Which columns should I use if I am interested in using the EpiNano models to predict m6A modifications?

Thank you. Looking forward to hearing from you soon.

BioinfoHub-PeiQinNg commented 2 years ago

I have also tried training with my own dataset (the one shown above ) for training and prediction.

This is the command line that I have used python ~/localenv/EpiNano/Epinano_Predict.py -t sample.minus_strand.per.site.csv -p sample.minus_strand.per.site.csv -o test_predict -cl 6. Where column 6 is the mean base quality.

The following error came out instead:

ValueError: Location based indexing can only have [integer, integer slice (START point is INCLUDED, END point is EXCLUDED), listlike of integers, boolean array] types

I am not sure what is the issue this time. Will wait for your reply. Thank you for assisting me with debugging this.

Huanle commented 2 years ago

Hi Huan,

Thank you so much for getting back to me.

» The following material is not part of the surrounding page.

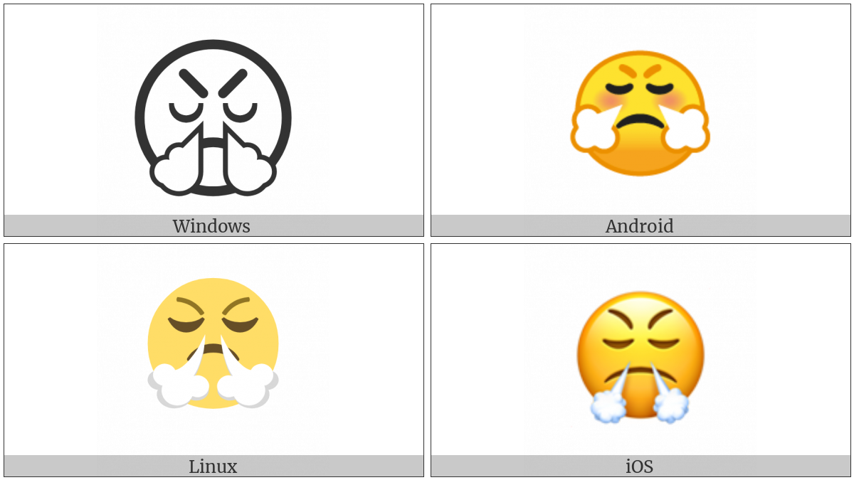 The image below shows how the “Face With Look Of Triumph” symbol might look like on different operating systems. If the font in which this web site is displayed does not contain the symbol and there is no fallback font able to render it, you can use the image below to get an idea of what it should look like.

Instead of training my own models, is it possible for me to use the models in EpiNano for my dataset directly?

Please find the my minus_strand.per.site.csv input file head as below:

#Ref,pos,base,strand,cov,q_mean,q_median,q_std,mis,ins,del 2L,9499,T,-,1,17.00000,17.00000,0.00000,0.00000,0.00000,0.00000 2L,9500,A,-,1,20.00000,20.00000,0.00000,0.00000,0.00000,0.00000 2L,9501,G,-,1,17.00000,17.00000,0.00000,0.00000,0.00000,0.00000 2L,9502,G,-,1,17.00000,17.00000,0.00000,0.00000,0.00000,0.00000 2L,9503,G,-,1,22.00000,22.00000,0.00000,0.00000,0.00000,0.00000 2L,9504,A,-,1,11.00000,11.00000,0.00000,0.00000,0.00000,0.00000 2L,9505,C,-,1,16.00000,16.00000,0.00000,0.00000,0.00000,0.00000 2L,9506,G,-,1,19.00000,19.00000,0.00000,0.00000,0.00000,0.00000 2L,9507,T,-,1,15.00000,15.00000,0.00000,0.00000,0.00000,0.00000

Which columns should I use if I am interested in using the EpiNano models to predict m6A modifications?

Thank you. Looking forward to hearing from you soon.

Hi @BioinfoHub-PeiQinNg ,

You can try rrach.q3.mis3.del3.linear.dump , aka, the middle base quality, mismatch, and deletion frequencies of the RRACH (remember to filter for only rrach motifs afterwards, that's why data organized in 5mer mode will be helpful for you) motif to predict modifications.

Huanle commented 2 years ago

ValueError: Location based indexing can only have [integer, integer slice (

Can you tell me which line of the code gave you this error? Are you using python3? What is your pandas version (it seems to be related to pandas dataframe)?

BioinfoHub-PeiQinNg commented 2 years ago

Hi Huan,

Thank you so much again for assisting me with this.

In terms of the line number, I have attached the following error message to provide a more detailed perspective: `The above exception was the direct cause of the following exception:

Traceback (most recent call last): File "/home/ng/localenv/EpiNano/Epinano_Predict.py", line 90, in Y = df_tmp.iloc[:,mod_col] File "/home/ng/localenv/miniconda3/envs/Epinano1.2/lib/python3.9/site-packages/pandas/core/indexing.py", line 961, in getitem return self._getitem_tuple(key) File "/home/ng/localenv/miniconda3/envs/Epinano1.2/lib/python3.9/site-packages/pandas/core/indexing.py", line 1458, in _getitem_tuple tup = self._validate_tuple_indexer(tup) File "/home/ng/localenv/miniconda3/envs/Epinano1.2/lib/python3.9/site-packages/pandas/core/indexing.py", line 771, in _validate_tuple_indexer raise ValueError( ValueError: Location based indexing can only have [integer, integer slice (START point is INCLUDED, END point is EXCLUDED), listlike of integers, boolean array] types`

The following are the versions of python and pandas which I am using to run EpiNano1.2: Python 3.9.7 Pandas 1.4.1

Hope that helps with the debugging. Looking forward to hearing from you soon.

Huanle commented 2 years ago

Hi @BioinfoHub-PeiQinNg, You have not labeled your samples with modification status when trying to train models. The script yilded errors because it can not find this column. Can you please follow the tutorial and try it again?

Moreover, I also suggest installing recommended version of python and required packages as shortliested in the main readme page.